MONTRÉAL – Phillip Danault était capable d’en rire après avoir marqué son premier but en 275 jours, mais l’attente a été longue et lourde.
« Ça fait beaucoup de jours! Au moins, j’ai scoré un peu à l’entraînement durant l’été face à des gardiens, a rigolé Danault. C’est sûr que ça fait du bien. Ce n’était pas facile non plus. Je suis un compétiteur, je voulais aider. Il manquait juste ce petit élément de marquer et que ça se fasse au Centre Bell, ça ne pouvait pas être mieux. »
On en parlait dans nos observations du match, mais un partisan s’était permis de taquiner Danault avec une pancarte indiquant : « Si Danault fait un tour du chapeau, je marie ma blonde. #impossible ».
Pour retrouver son aplomb mental, Danault s’est convaincu qu’il devait reprogrammer son était d’esprit pour se concentrer uniquement sur le positif.
« J’ai aussi fait de la vidéo avec Trevor (Letowski, l’entraîneur adjoint) mardi matin. Il m’a montré des endroits sur la glace pour avoir plus de chances de marquer et ç’a fonctionné, c’était exactement ce qu’on avait discuté. Il faut que je sois aussi affamé offensivement que défensivement », a-t-il expliqué.
Depuis son retour avec le Tricolore, Martin St-Louis est parvenu à rehausser sa confiance minée grâce à son rôle crucial sur les mises au jeu. Encore une fois, il a excellé face au Wild avec 67% de réussite.

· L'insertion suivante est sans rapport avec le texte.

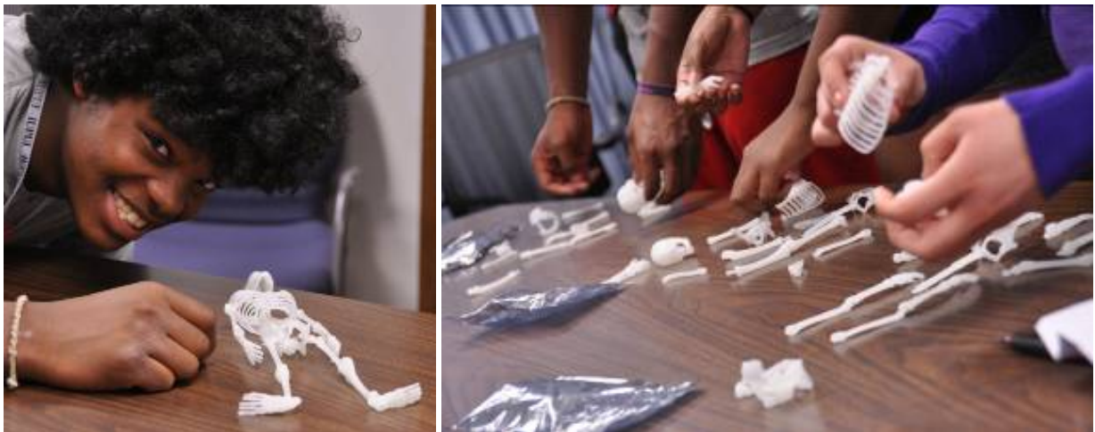
In one week's time, Dental Summer Institute high schoolers learn that a dental education involves a lot more than the mouth. Skeleton construction and brain examining are just two of many hands-on projects the students tackled.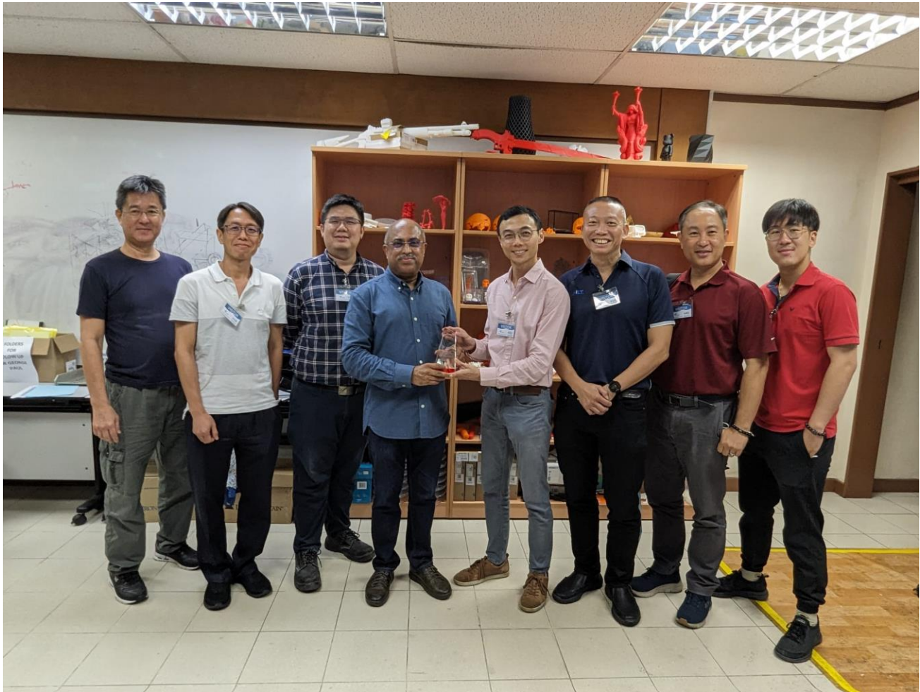
Photograph: Visit by FI-SIG to the Health Sciences Authority's (HSA) Forensic Medicine Division (FMD).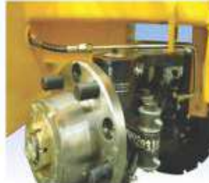
Heavy duty steer axle for rugged operations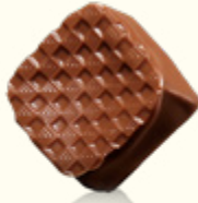
Brothers Club Tea, Maple Syrup & Pecan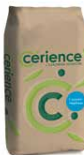
PACKAGING Bag of 20kg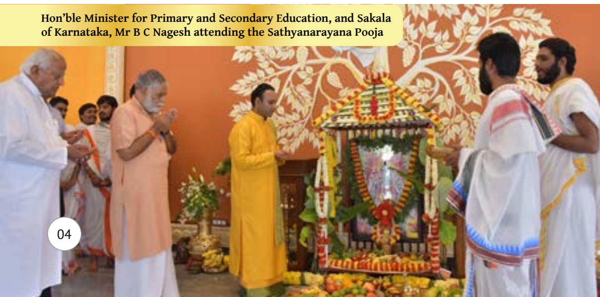
Hon’ble Minister for Primary and Secondary Education, and Sakala of Karnataka, Mr B C Nagesh attending the Sathyanarayana Pooja

āmāyantu brahmacāriṇaḥ svāhā | vimāyantu brahmacāriṇaḥ svāhā | pramāyantu brahmacāriṇaḥ svāhā | damāyantu brahmacāriṇaḥ svāhā | śamāyantu brahmacāriṇaḥ svāhā | yaśo jane’sāni svāhā |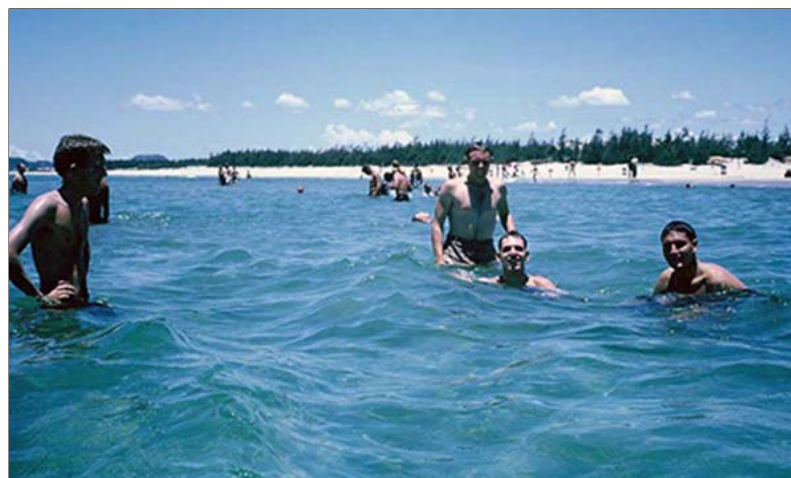
23. China Beach, Đà Nẵng: Hey... watch it!

« C’est l’une des raisons pour lesquelles le Canadien m’a ramené. Pas pour marquer un but important en fin de match, mais pour une mise au jeu importante. Martin connaît la game, il sait comment me donner confiance. »
— Phillip Danault
Dans le vestiaire, Brendan Gallagher était autant, sinon plus, souriant que son ami.
« Phil a compté un gros but, on était vraiment contents de notre prestation », a noté Gallagher alors que St-Louis a confirmé la soirée efficace de ce trio complété par Josh Anderson.
« Leur trio a été très efficace comme trio, ils ont bien travaillé ensemble. Ils ont gagné des batailles pour poursuivre notre travail en zone offensive, c’est l’identité qu’on veut de ce trio. Ce fut l’un de nos meilleurs matchs offensifs à cinq contre cinq et ça vient de l’équilibre de nos trios et d’une présence devant filet », a ciblé l’entraîneur.
À titre d’exemple, selon les données de SportLogiq, le CH a remporté 62,8% des batailles pour la rondelle et il a passé 5 :23 de plus en zone offensive que le Wild. De plus, Montréal a dominé 12-5 pour les chances de marquer de qualité à égalité numérique.
Évidemment, au sein du Tricolore, les joueurs ont remarqué l’attention aux détails de Danault.
« On était super contents pour lui, ce n’était qu’une question de temps. C’est un poids de moins sur ses épaules et il le mérite de la façon dont il joue. Il remporte de grosses mises au jeu, il joue de la bonne manière », a souligné Carrier.
Ne pas oublier Demidov
Ce serait bête de ne pas glisser quelques mots sur Ivan Demidov. Pendant que le vétéran Danault a été fort utile, Demidov a continué son évolution.
À 20 ans, le Russe a accompli d’autres prouesses.
« Ce ne sont pas juste ses jeux spectaculaires, il réussit tellement de bonnes choses, il joue de la bonne manière. Le reste, ça vient avec ce qu’il accomplit », a mentionné Lane Hutson.
Demidov a reconnu que c’était spécial pour lui d’affronter Kirill Kaprizov.
« C’est l’un des meilleurs joueurs russes de la LNH. Je pousse toujours fort, mais peut-être encore un peu plus contre lui », a admis Demidov avec sa franchise.
Le plus important, c’est que le jeu a ralenti à ses yeux. Imaginez quand il sera rendu à 23 ou 24 ans.
« Je me sens plus à l’aise qu’en début de saison, je veux continuer dans ce sens », a cerné Demidov qui savait que Hutson serait prêt pour l’habile passe menant à son but.